In die hochschulinterne Debatte hatten sich zuvor mit Reinhard Thümer und Gerhard Ackermann die beiden vorherigen Präsidenten eingeschaltet. Auch sie weisen in einer Stellungnahme die Forderung zurück, dass die Hochschule den Namen Beuths nicht mehr tragen dürfe. Zwar seien die Reden in der Deutschen Tischgesellschaft „abstoßend, hemmungslos und auch heute noch mehr als unappetitlich“, schreiben die Altpräsidenten. Doch sei die anstößige Rede „wohl bisher das einzige Zeugnis gegen Beuth“.

Das stimmt nicht, wie bei der Diskussionsveranstaltung an der Hochschule betont wurde. Rudolph und Schölzel seien Archivfunde zu verdanken, nach denen Beuth auch als Mitglied des Staatsrats gegen die Judenemanzipation in Preußen vorging – mit Erfolg, etwa durch die Benachteiligung der Juden in Ostpreußen.

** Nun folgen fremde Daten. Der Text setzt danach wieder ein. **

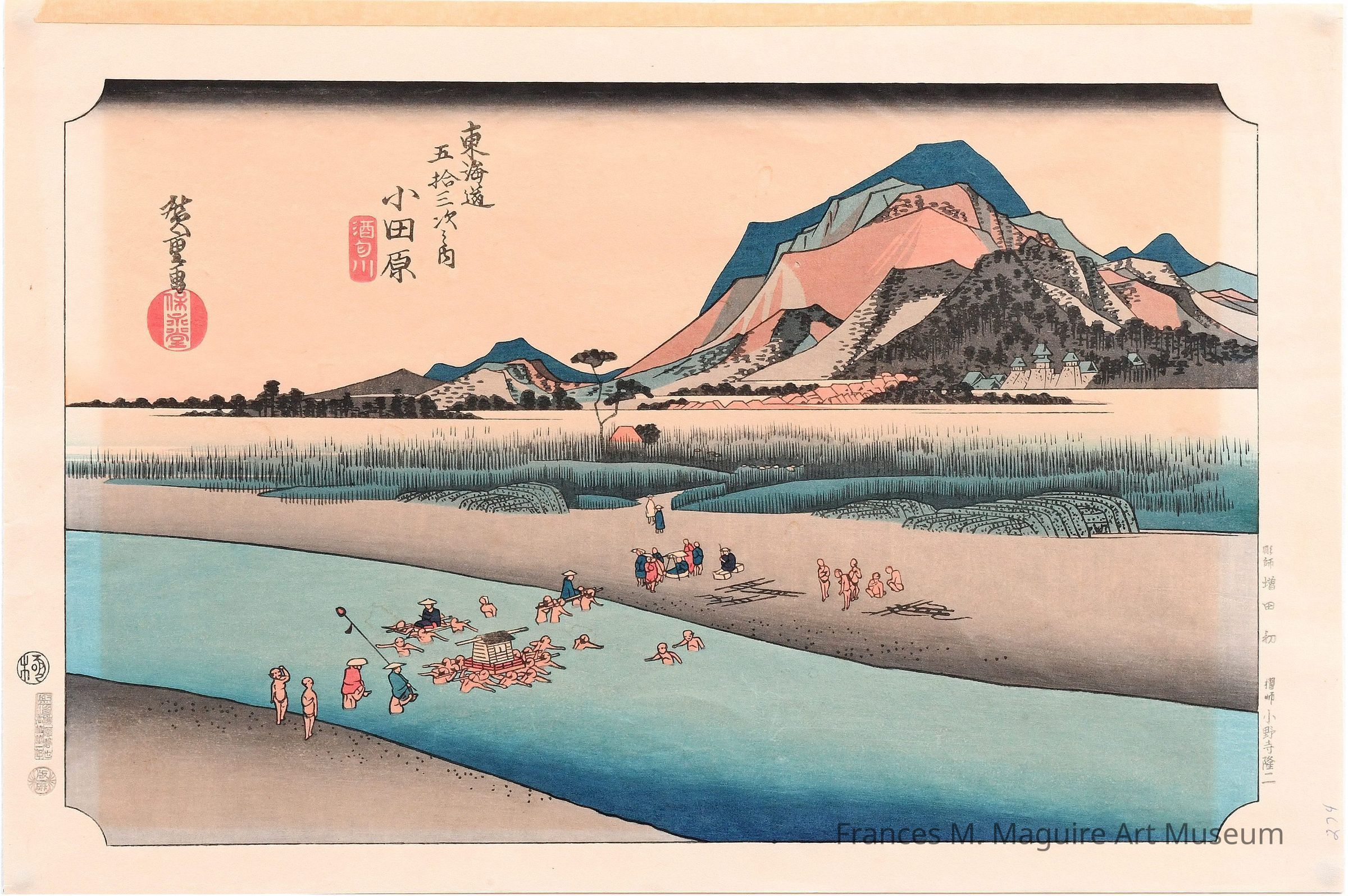Odawara was the first castle travelers would reach after leaving Edo. A stronghold of this region of Japan, the castle is located in the upper right of the print, in the foothills of the mountains. In the foreground, travelers ford the Sakawa River, which was difficult to cross because of its strong currents. This image illustrates well the strenuous tasks the travelers faced along their journey. Hiroshige made four versions of this scene with varying numbers of figures. This one, with only two figures on the nearby bank, is the earliest.Label Type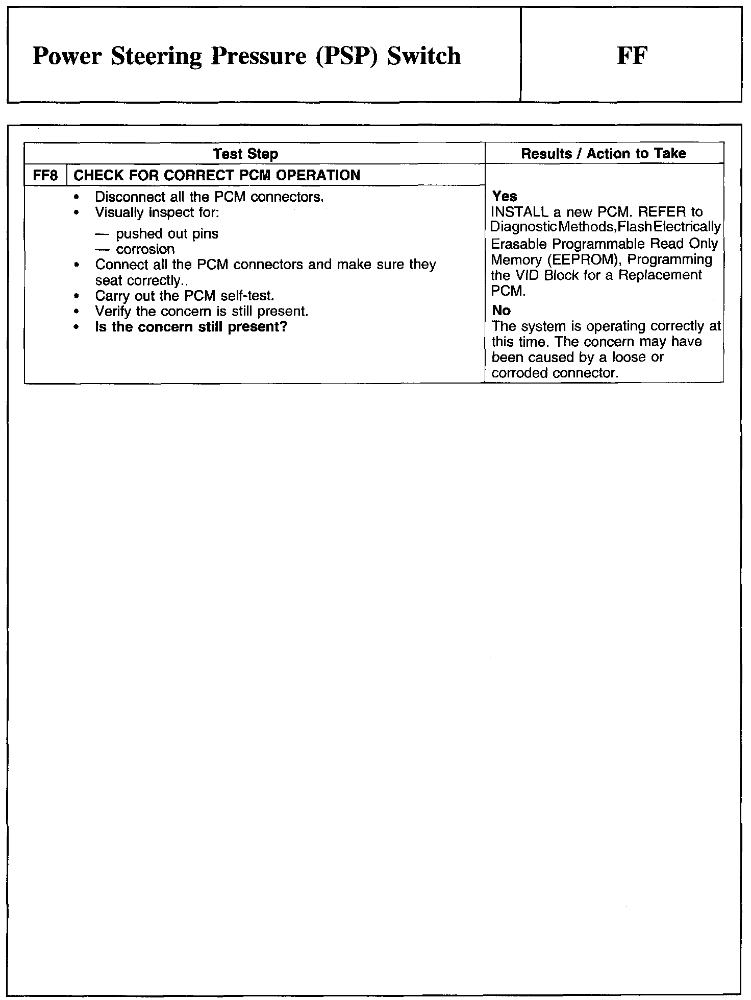 Test FF: Power Steering Pressure (PSP) Switch

Präsidentin will „ganze Hochschule mitnehmen und informieren“

Tobias Schulze, der hochschulpolitische Sprecher der Linken-Fraktion im Abgeordnetenhaus, hält es prinzipiell für „gut, dass die Hochschule offensiv mit der Sache umgeht“. Die Vorwürfe seien „schwerwiegend“. Jetzt müsse öffentlich „eine Aufarbeitungsdebatte“ geführt werden, erklärte Schulze gegenüber dem Tagesspiegel. In der offenen Frage der Umbenennung müsse man eine weitere eingehende Prüfung der Hochschule abwarten, sagt Schulze.

Die FH will sich dafür ein Jahr Zeit nehmen, wie Präsidentin Monika Gross aus dem Publikum heraus erklärte: „Wir wollen die ganze Hochschule mitnehmen und vor allem informieren.“ Im Akademischen Senat wurde bereits eine Arbeitsgruppe aus Hochschulmitgliedern und externen Historikern vorgeschlagen.

Itai Boeing, der als Vertreter der Jüdischen Gemeinde mitdiskutierte, dankte der Hochschule, „dass sie diesen Prozess eingeleitet hat“. Nun könne sie wohl „nicht mehr zurück“, müsse sich am Ende also umbenennen. Dazu riet auch Uffa Jensen, Professor am Zentrum für Antisemitismusforschung der TU. Ansonsten müsse sich die Beuth-Hochschule fragen, „ob sie bereit ist, bei jeder offiziellen Veranstaltung daran zu erinnern, dass dieser Name eine schwierige Geschichte hat“.